UK - Numerous changes to pensions law have made the risks and costs of final salary schemes unacceptable, the Society of Pensions Consultants' president claims.
And Donald Duval – speaking at the SPC’s annual dinner – advised any companies with open defined benefit plans to “consider their options”.
Duval said DB schemes were fundamentally flawed because they failed to address the “key issue” of political risk.
He said: “In the past five years, companies have found the risks and costs of final salary schemes unacceptable. There have been a number of reasons for the cost increase, including improvements in mortality and falls in stock markets.
“But one of the key factors has been legislative change.”
Duval added: “Over the past 30 years, we have had governments and ministers from every shade of the political spectrum – from Thatcherite Tory to left wing labour with plenty of wets and Blairites in between.
However, one constant has been numerous changes to pensions law designed to improve the social justice of the pensions system, or to reduce the cost to the Revenue.”

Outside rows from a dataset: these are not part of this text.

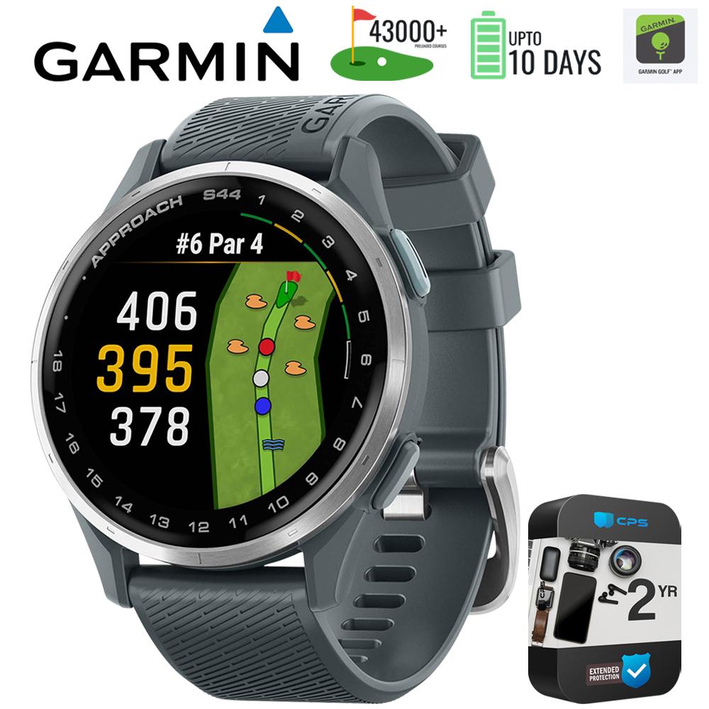 Garmin Approach S44 GPS Golf Smartwatch, Silver Aluminum Bezel + 2 YR Warranty Bundle
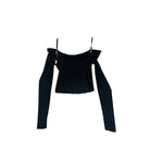 Polera, Manga larga, Mujer, Calvin Klein, Negro, Croptop, hombros descubiertos, L, Anónima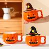Yaratıcı Balkabağı Şekli Ev Dayanıklı Seramik Kupa Büyük Kapasiteli İçme Suyu Kahve Kupaları Saplı Cadılar Bayramı Dekorasyon Kupası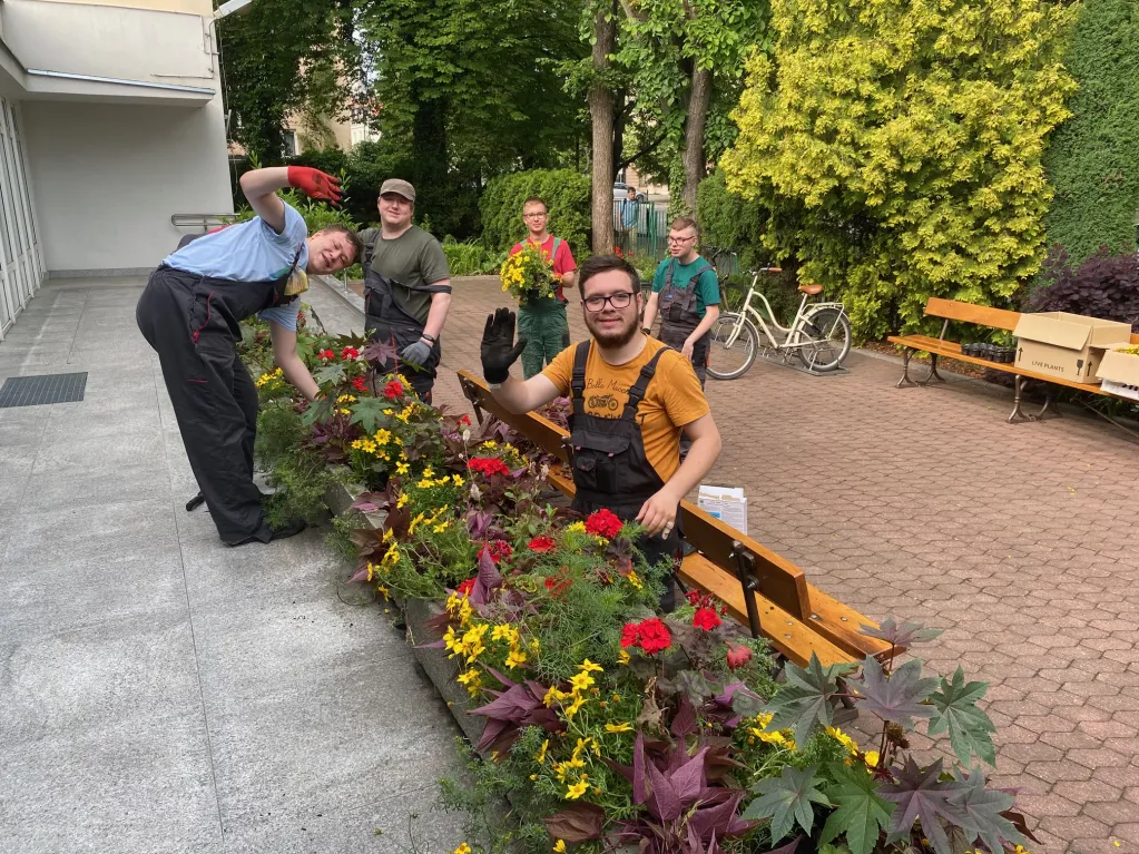 Ogrodnicy z klasy 3o wykonali przed szkołą nasadzenia z wiosennych kwiatów.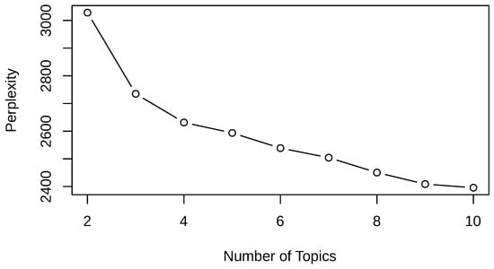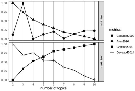 - Choosing the number of topics: The optimal number of topics was determined using a perplexity plot and multiple evaluation metrics, as produced by the ldatuning [] package in GNU R [], with each metric offering a different perspective on model evaluation.

He said the combined effect of these changes had been to more than double employer costs.
Duval stressed that because the cost of a DB scheme falls on the employer, “a company with a defined benefit scheme is taking a substantial political risk”.
He added: “Of course, companies take political risk all the time – they have to. But sensible companies try to restrict such risks to their core activities. A defined benefit pension scheme is not a core activity.”
Duval went on to dismiss the many “alternative” types of DB arrangements that were being mooted – cash balance and career average revalued earnings, for example.
“These designs will only be successful if they address this key issue of political risk. Most fail to do so.”
He said all companies considering an “alternative” DB plan should ask themselves: “If the government changes the rules, will my costs go up?”
“If they will, then you have retained the political risk, which in the long-term has been the biggest single factor for final salary schemes.”